2012-05-23 18:30:51-0700 [-] Starting factory <buildslave.bot.BotFactory instance at 0x101a63c20>
2012-05-23 18:30:51-0700 [-] Connecting to buildbot-master19.build.mozilla.org:9201
2012-05-23 18:31:13-0700 [Broker,client] ReconnectingPBClientFactory.failedToGetPerspective
2012-05-23 18:31:13-0700 [Broker,client] Unhandled Error
Traceback from remote host -- Traceback (most recent call last):
File "/builds/buildbot/tests1-tegra/lib/python2.6/site-packages/twisted/spread/pb.py", lin
e 1346, in remote_respond
d = self.portal.login(self, mind, IPerspective)

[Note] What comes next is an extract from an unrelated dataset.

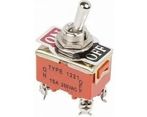 умблер 250V 15А (4c) ON-OFF двухполюсный предназначен для коммутации электрических цепей переменного тока напряжением до 250В. Такая разновидность переключателей применяется на лицевых панелях в качестве комплектующих изделий различного электрооборудования (в измерительных приборах, блоках питания, электроустановках на различных производствах, легковых и грузовых автомобилях, поездах и многих других местах). Отличительной особенностью тумблера является перекидной переключатель, принцип действия которого основан на его перемещении в одну из позиций. Для переключения в нужное положение требуется приложить некоторые усилия. Монтаж осуществляется без применения винтов на плоских панелях толщиной от 0.8мм до 4мм. Подключение контактов осуществляется с помощью винтов.
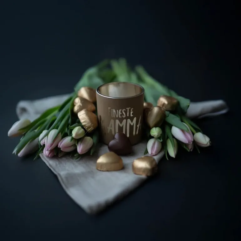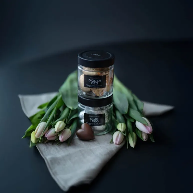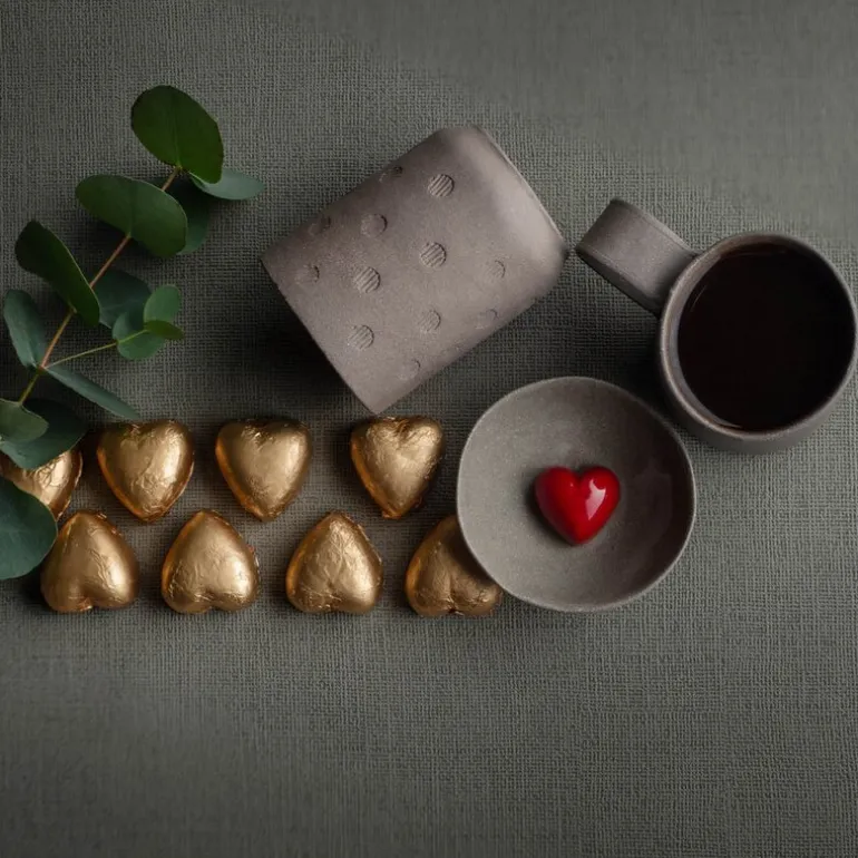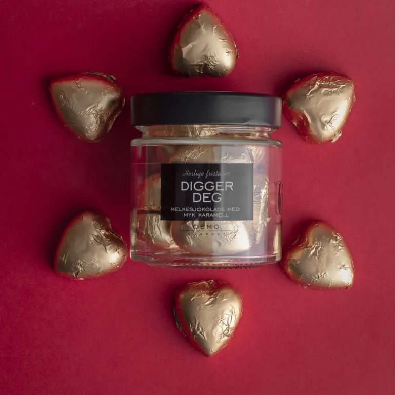 Gull sjokoladehjerter med melkesjokolade og myk karamell.

File "/builds/buildbot/tests1-tegra/lib/python2.6/site-packages/twisted/cred/portal.py", l
ine 116, in login
).addCallback(self.realm.requestAvatar, mind, *interfaces
File "/builds/buildbot/tests1-tegra/lib/python2.6/site-packages/twisted/internet/defer.py"
, line 260, in addCallback
callbackKeywords=kw)
File "/builds/buildbot/tests1-tegra/lib/python2.6/site-packages/twisted/internet/defer.py"

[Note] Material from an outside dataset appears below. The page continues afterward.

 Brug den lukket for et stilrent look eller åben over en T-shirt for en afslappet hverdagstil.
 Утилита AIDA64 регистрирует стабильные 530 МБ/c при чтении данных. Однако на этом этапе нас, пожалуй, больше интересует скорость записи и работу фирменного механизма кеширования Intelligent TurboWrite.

, line 249, in addCallbacks
self._runCallbacks()
--- <exception caught here> ---
File "/builds/buildbot/tests1-tegra/lib/python2.6/site-packages/twisted/internet/defer.py"
, line 441, in _runCallbacks
self.result = callback(self.result, *args, **kw)

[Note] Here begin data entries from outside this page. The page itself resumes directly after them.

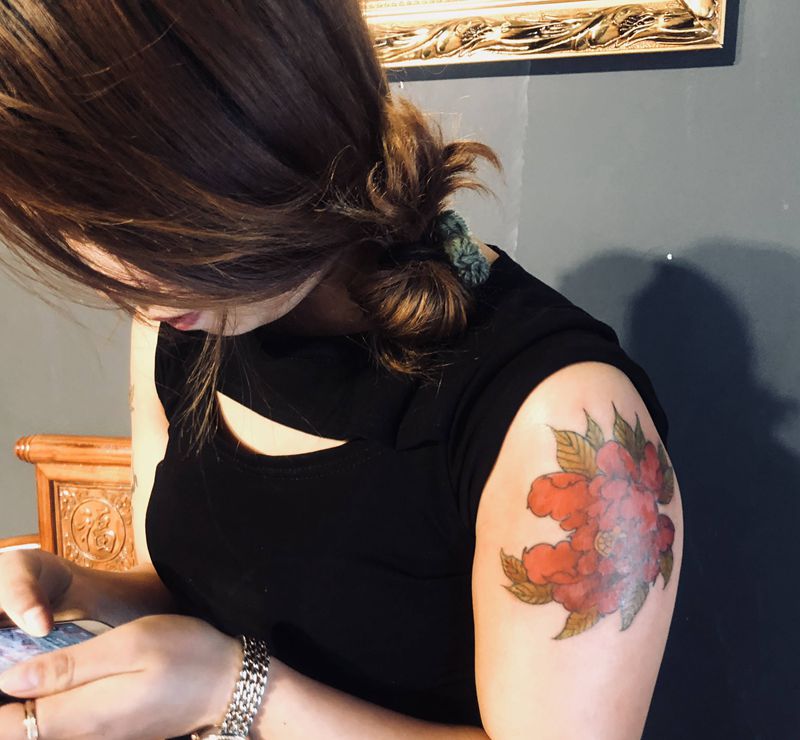 当前位置: 首页 >重庆市纹身店-独品•TATTOO•STUDIO纹身图案>牡丹纹身图片_手臂手部新传统纹身图案
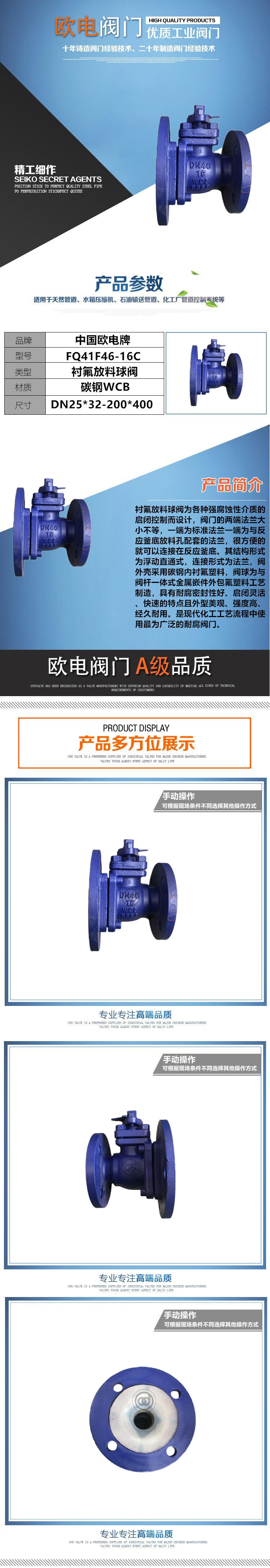 衬氟放料球阀FQ41F46-16C的工作原理是靠旋转阀瓣来使阀门畅通或闭塞的,阀瓣和阀体内侧全部采用氟塑料衬塑工艺制成,其具有开关轻便,体积小,密封可靠,结构简单,维修方便,使用范围广等优点。
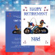 Funny retirement Party Invitation for the retiree. Celebrate the retirement of a family member, friend, or co-worker with this Funny Retirement Party Invitation designed with a caricature old biker. The front page text includes: Happy Retirement Party and the first name in blue on a white background with colorful stars. The reverse side text includes: the name, date, time, location, address and RSVP note on a blue background. To personalize, simply insert your details into our easy template using our step-by-step guide and on-screen tools. Its fast, and easy to do. Enjoy!

File "/builds/buildbot/tests1-tegra/lib/python2.6/site-packages/buildbot-0.8.2_hg_a2045101
fe7a_production_0.8-py2.6.egg/buildbot/master.py", line 474, in requestAvatar
p = self.botmaster.getPerspective(mind, avatarID)
File "/builds/buildbot/tests1-tegra/lib/python2.6/site-packages/buildbot-0.8.2_hg_a2045101
fe7a_production_0.8-py2.6.egg/buildbot/master.py", line 344, in getPerspective
d = sl.slave.callRemote("print", "master got a duplicate connection; keeping this one")
File "/builds/buildbot/tests1-tegra/lib/python2.6/site-packages/twisted/spread/pb.py", lin
e 328, in callRemote
_name, args, kw)
File "/builds/buildbot/tests1-tegra/lib/python2.6/site-packages/twisted/spread/pb.py", lin
e 807, in _sendMessage
raise DeadReferenceError("Calling Stale Broker")
twisted.spread.pb.DeadReferenceError: Calling Stale Broker
2012-05-23 18:31:13-0700 [Broker,client] Lost connection to buildbot-master19.build.mozilla.org:9201
2012-05-23 18:31:13-0700 [Broker,client] Stopping factory <buildslave.bot.BotFactory instance at 0x1
01a63c20>
2012-05-23 18:31:13-0700 [-] Main loop terminated.
2012-05-23 18:31:13-0700 [-] Server Shut Down.
-------------------
And on master side:
2012-05-23 18:16:55-0700 [Broker,1450,10.250.48.208] duplicate slave tegra-035; rejecting new slave
and pinging old
2012-05-23 18:16:55-0700 [Broker,1450,10.250.48.208] old slave was connected from IPv4Address(TCP, '
10.250.48.208', 58786)
2012-05-23 18:16:55-0700 [Broker,1450,10.250.48.208] new slave is from IPv4Address(TCP, '10.250.48.2
08', 63336)
2012-05-23 18:16:55-0700 [Broker,1450,10.250.48.208] Peer will receive following PB traceback:
2012-05-23 18:16:55-0700 [Broker,1450,10.250.48.208] Unhandled Error
Traceback (most recent call last):
File "/builds/buildbot/tests1-tegra/lib/python2.6/site-packages/twisted/spread/pb.py", lin
e 1346, in remote_respond
d = self.portal.login(self, mind, IPerspective)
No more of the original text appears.